Abym umiała rozmawiać z ludźmi w sposób, który ich nie rani, tak by docierać do rzeczywistych potrzeb i uczuć drugiego człowieka. Żebym potrafiła się z nimi kontaktować, być blisko i żyć w zgodzie. Abym potrafiła oprzeć się pokusie oceniania i osądzania ludzi. Wiem, jak boli mnie cudza krytyka i ocena. A przecież nie chcę ranić! Żebym nie rozmawiała twierdząc, że wiem coś lepiej. Żebym umiała pytać.
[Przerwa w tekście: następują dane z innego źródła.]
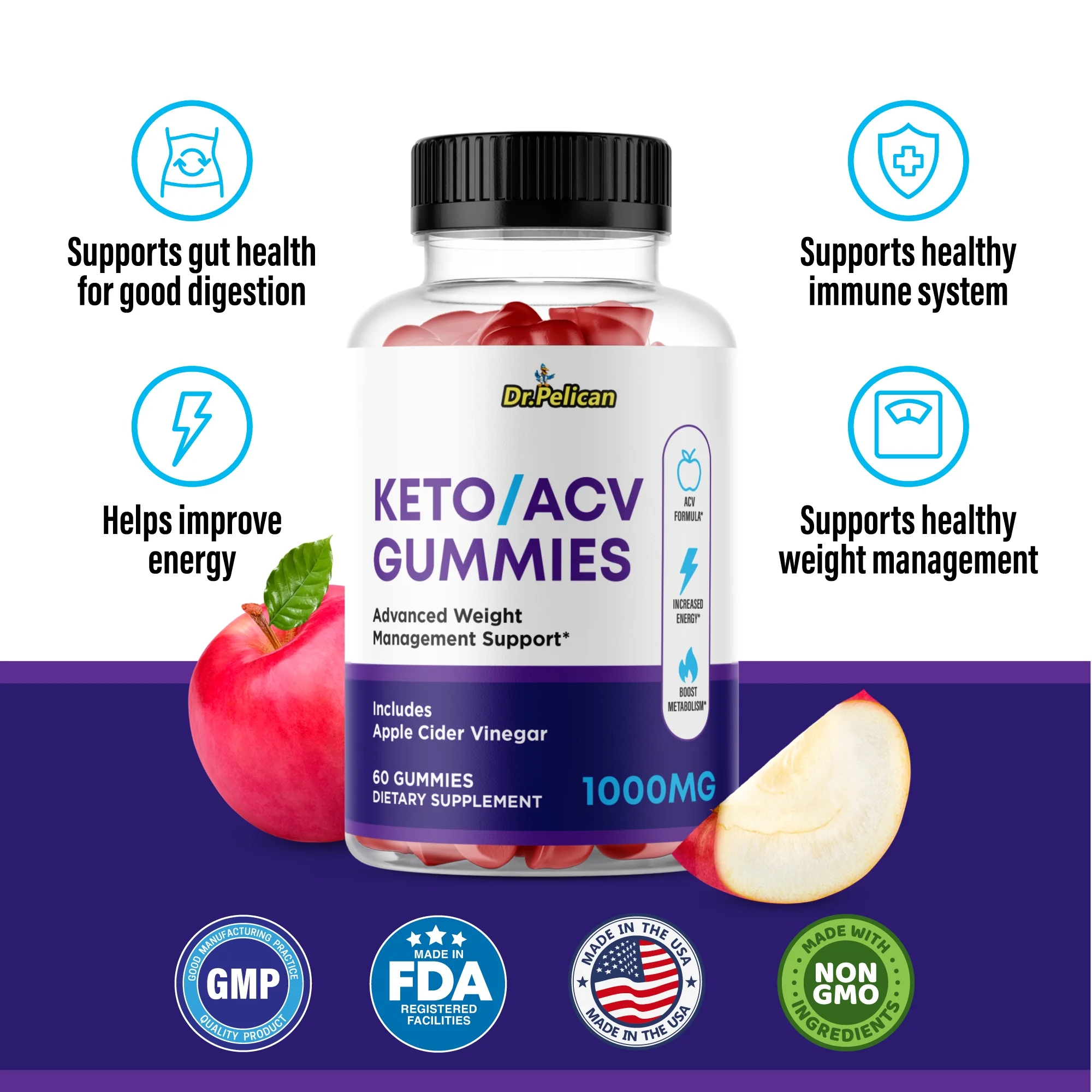 Keto/ACV Gummies 1000MG-Weight Loss, Appetite Suppressant- 60 Gummies- Dr. Pelican

Kochany Mikołaju, przywieź mi proszę umiejętność empatycznego rozmawiania – nie pocieszania, nie dawania dobrych rad i nie litowania się czy obracania problemów w żarty. Zdolność skupienia się na drugim człowieku, dotarcia do jego potrzeb. Tych prawdziwych. Umiejętność słuchania drugiej osoby z całą uwagą. Rozpoznawania, kiedy moja obecność i milczenie potrzebne są bardziej niż słowa. Umiejętność rozmowy, dzięki której będzie mi do drugiego człowieka bliżej, nie zaś dalej. Umiejętność docierania do potrzeb swoich i innych, dzięki czemu szybciej zbuduję „pomost między naszymi sercami”.
Kochany Mikołaju. Jeśli przywieziesz mi z Laponii wymarzony prezent – spędzę Święta Bożego Narodzenia w atmosferze radości, bliskości i miłości. Czy NAPRAWDĘ mogłabym zamiast tego chcieć nową książkę?